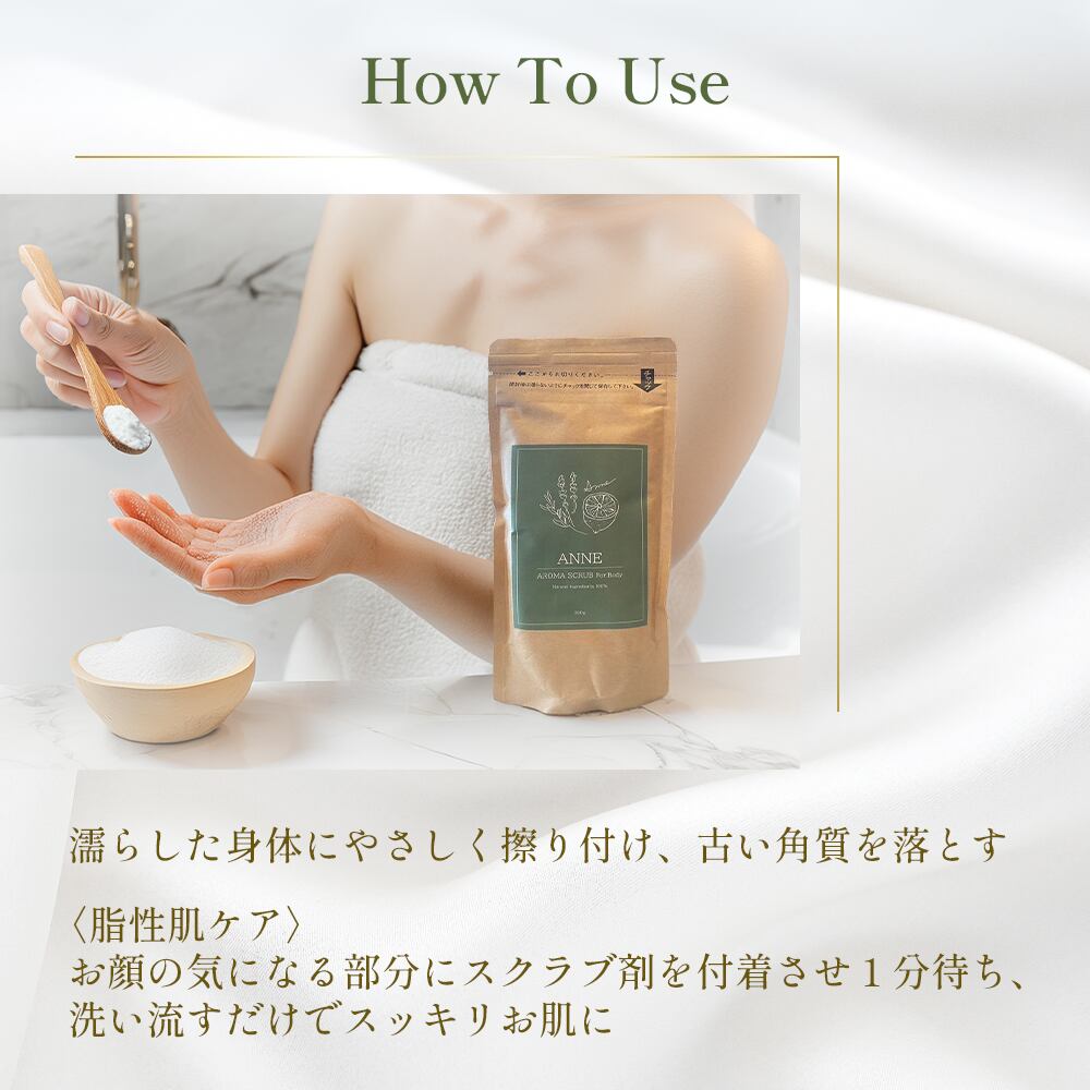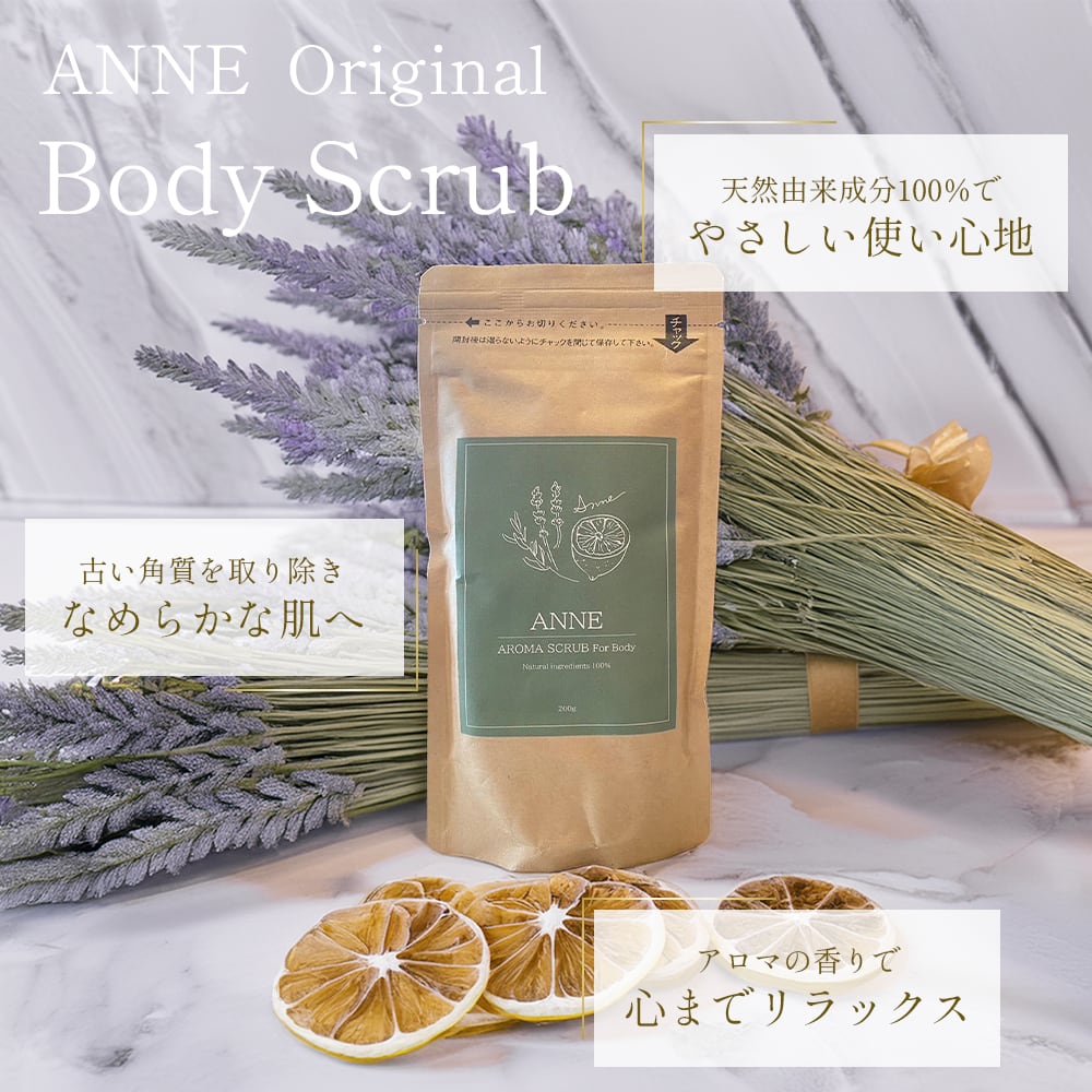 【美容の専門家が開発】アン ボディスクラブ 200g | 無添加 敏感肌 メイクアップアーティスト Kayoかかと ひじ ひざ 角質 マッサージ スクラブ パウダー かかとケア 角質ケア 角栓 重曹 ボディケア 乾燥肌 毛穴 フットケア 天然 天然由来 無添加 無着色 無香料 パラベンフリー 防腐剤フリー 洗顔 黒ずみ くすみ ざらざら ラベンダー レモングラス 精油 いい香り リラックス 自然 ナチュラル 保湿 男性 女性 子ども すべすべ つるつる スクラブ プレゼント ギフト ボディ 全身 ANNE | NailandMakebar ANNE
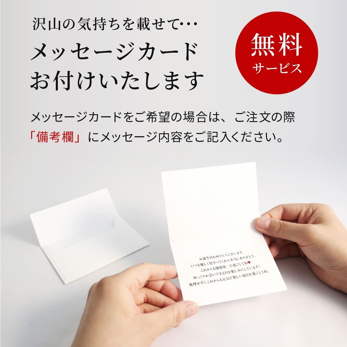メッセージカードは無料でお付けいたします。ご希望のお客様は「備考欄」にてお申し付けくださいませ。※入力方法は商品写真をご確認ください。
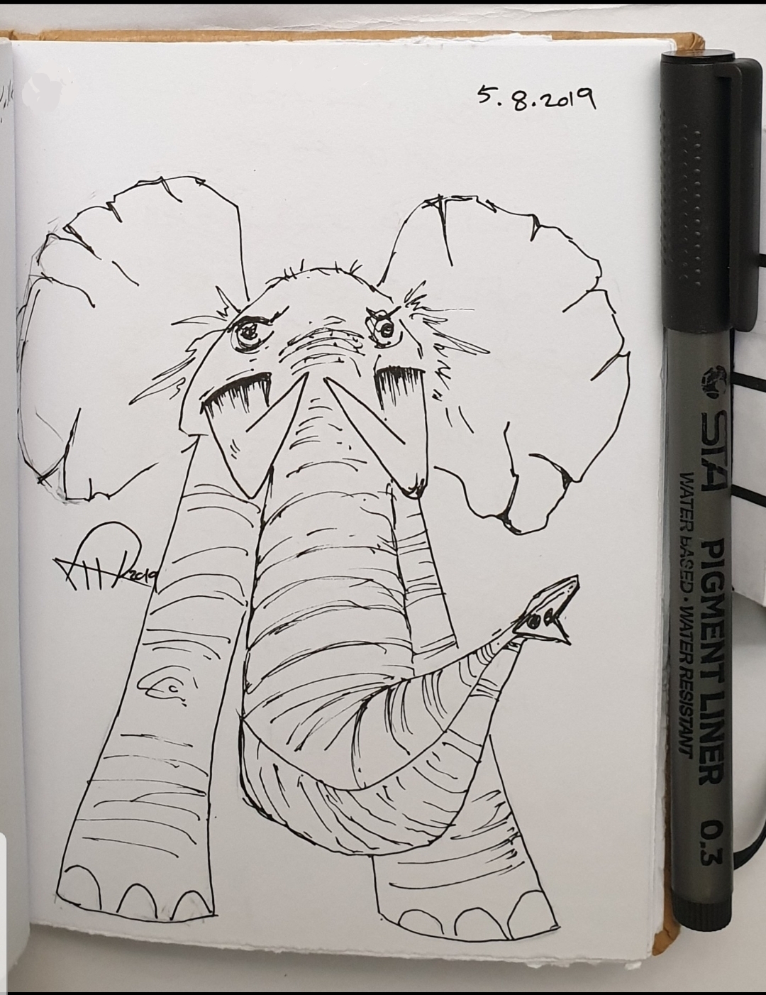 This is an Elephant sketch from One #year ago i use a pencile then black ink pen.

_What you are asked to do_: Exactly as written, give again every line from the one containing "メッセージカードは無料でお付" through the last line of the material, both included, with the pictures left out.

_Solution to this problem_:
メッセージカードは無料でお付けいたします。ご希望のお客様は「備考欄」にてお申し付けくださいませ。※入力方法は商品写真をご確認ください。
 This is an Elephant sketch from One #year ago i use a pencile then black ink pen.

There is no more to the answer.